-- What to work on --
Write out the listing below without alteration, omitting its pictures.

-- Input data --
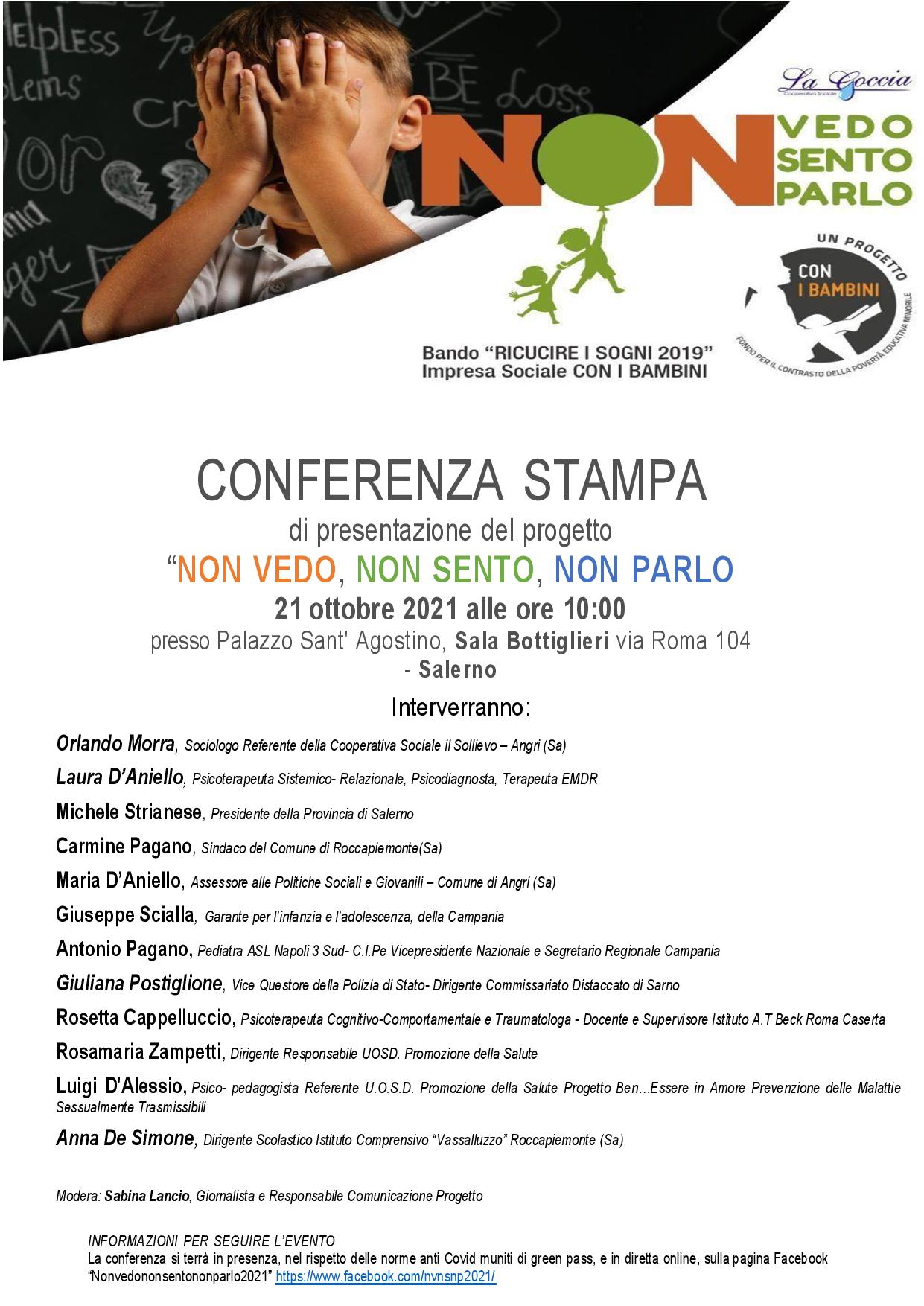 La conferenza si terrà in presenza, nel rispetto delle norme anti Covid e muniti di green pass, e in diretta online, sulla pagina Facebook “Nonvedononsentononparlo2021” https://www.facebook.com/nvnsnp2021/
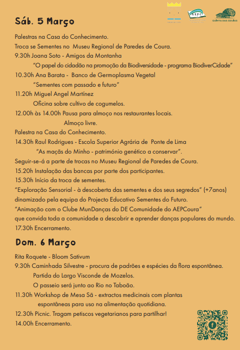 No âmbito da 8 ª Feira de TROCA DE SEMENTES de Paredes de Coura, terá lugar no próximo dia 5 de março de 2022, a apresentação “Sementes com passado e futuro”, feita pela Coordenadora do Banco de Germoplasma Vegetal (INIAV), Ana Maria Barata.
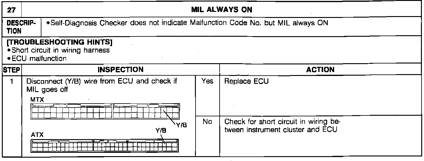 Malfunction Indicator Lamp (MIL) Always on

-- Task result --
 La conferenza si terrà in presenza, nel rispetto delle norme anti Covid e muniti di green pass, e in diretta online, sulla pagina Facebook “Nonvedononsentononparlo2021” https://www.facebook.com/nvnsnp2021/
 No âmbito da 8 ª Feira de TROCA DE SEMENTES de Paredes de Coura, terá lugar no próximo dia 5 de março de 2022, a apresentação “Sementes com passado e futuro”, feita pela Coordenadora do Banco de Germoplasma Vegetal (INIAV), Ana Maria Barata.
 Malfunction Indicator Lamp (MIL) Always on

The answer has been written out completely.